Hint: Suppose a system of linear equations $ ax + by + c = 0 $ and $ dx + ey + g = 0 $ , so it will have a unique solution if the two lines represented by the both equations intersect at a point. So, if the two lines are neither parallel nor coincident then the slopes of the two lines should be different.
So, the slopes of the two equations are $ - \frac{a}{b} $ and $ - \frac{d}{e} $ $ \to \left[ { - \frac{a}{b} \ne - \frac{d}{e}} \right] $
If a system of linear equations has a unique solution, therefore the determinant of the coefficient matrix is non-zero.
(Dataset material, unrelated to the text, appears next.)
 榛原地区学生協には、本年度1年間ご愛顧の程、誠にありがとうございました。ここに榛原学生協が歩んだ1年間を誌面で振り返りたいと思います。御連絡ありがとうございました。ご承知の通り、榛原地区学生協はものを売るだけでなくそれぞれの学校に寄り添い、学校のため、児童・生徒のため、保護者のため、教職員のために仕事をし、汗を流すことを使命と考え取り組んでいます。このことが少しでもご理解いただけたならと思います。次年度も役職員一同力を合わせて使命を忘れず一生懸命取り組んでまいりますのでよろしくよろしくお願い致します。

Complete step-by-step solution:
So, we can write for system of the linear equation which is given in the question,
 $ \left[ A \right] = \left( {\begin{array}{*{20}{c}}
  1&1&1 \\
  2&1&{ - 1} \\
  3&2&k
\end{array}} \right) $
  $ \left[ B \right] = \left( \begin{gathered}
  2 \\
  3 \\
  4 \\
\end{gathered} \right) $
 $ \left[ X \right] = \left( \begin{gathered}
  x \\
  y \\
  z \\
\end{gathered} \right) $
 So, here the determination of $ \left[ A \right] $ is non-zero because the set of linear equations has a unique solution.
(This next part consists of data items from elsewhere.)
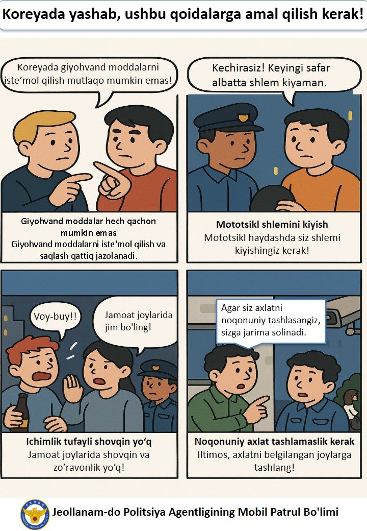 전단에는 '한국에서 거주하며, 다음 규칙을 지켜야 한다', '한국에서는 마약을 절대 사용할 수 없다', '오토바이를 운전할 땐 반드시 헬멧을 착용해야 한다', '공공장소에서 소란과 폭력을 일으키지 마세요', '불법으로 쓰레기를 버리면 과태료가 부과됩니다' 등의 내용이 담겼다.
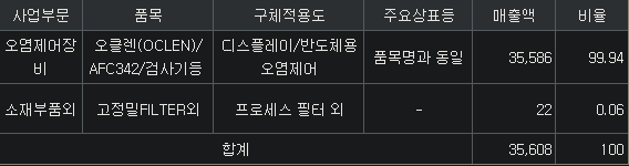 오염제거장비(99%, 반도체=FOUP세정, OLED=FMM세정), 기타(1%, 부품)
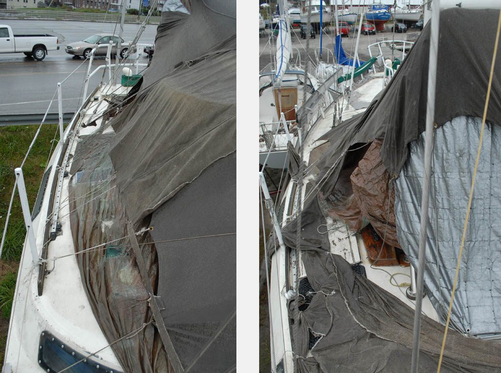 Our visits over the last 11 years have often simply been to check on things and re-tarp over the deck. First on the agenda was to machete all these tarps off and scrub away a decade of grime covering the topsides.
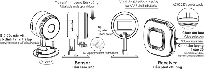 Đầu cảm biến có thể dùng 2 pin AAA hoặc adapter 5V/1A, phù hợp cho cả lắp đặt nhanh lẫn vận hành lâu dài. Đầu chuông sử dụng nguồn 90–230VAC, cắm trực tiếp vào ổ điện dân dụng.
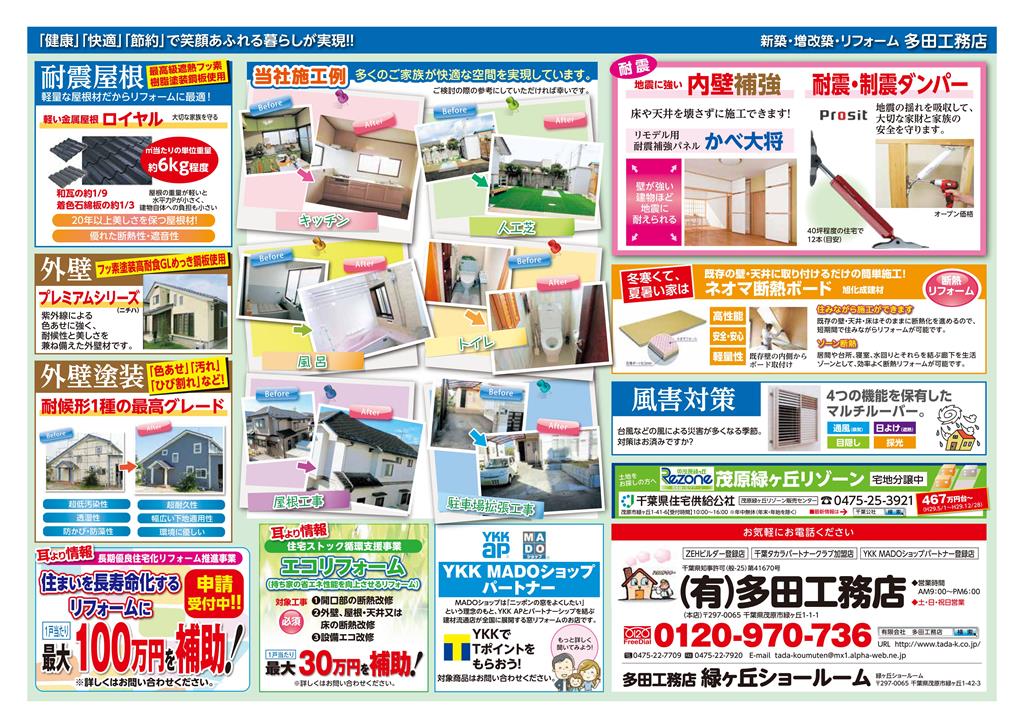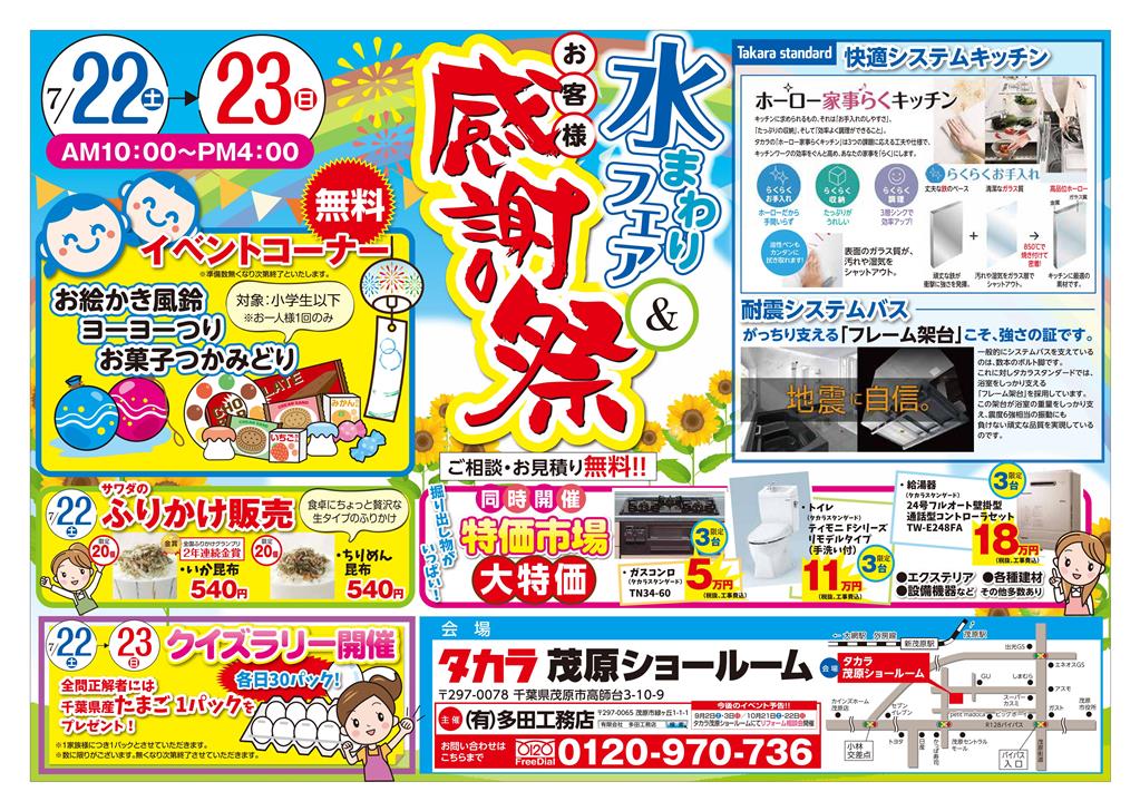 2017年7月22日(土)~23日(日) 展示会を開催いたします! リフォームの相談などお気軽にどうぞ♪ クイズラリー、お絵かき風鈴、 ヨーヨー釣り、お菓子つかみ取り 大人気ふりかけ販売 など 各種イベントもご用意しております。 お気軽にお越しください! ※チラシの表面です。

 $ \left| A \right| \ne 0 $
 $ \Rightarrow \left| {\begin{array}{*{20}{c}}
  1&1&1 \\
  2&1&{ - 1} \\
  3&2&k
\end{array}} \right| \ne 0 $
 $ \Rightarrow k + 2 - \left( {2k + 3} \right) + 1 \ne 0 $
 $ \Rightarrow k \ne 0 $
 So, this system has a unique solution for all the real values of $ k $ except $ 0 $ .
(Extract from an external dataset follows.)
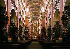 When it was rebuilt, it was rebuilt in the Baroque architecture style. The rebuilding included the addition of over 20 altars. Artists such as Jan Jiří Heinsch, Václav Vavřinec Reiner, and Petr Brandl created paintings for the altars. In 1702, an organ was installed.[2] In 1974 the church was granted the honorary title of minor basilica by Pope Paul VI.

Thus, we can write $ k \in R - \left\{ 0 \right\} $ -

Hence, the answer will be option (B).

Note: To find the unique solution to a system of linear equations to a system of linear equations, we must find a numerical value for each variable in the system at the same time. In order for a linear system to have a unique solution, there must be at least as many equations as there are variables.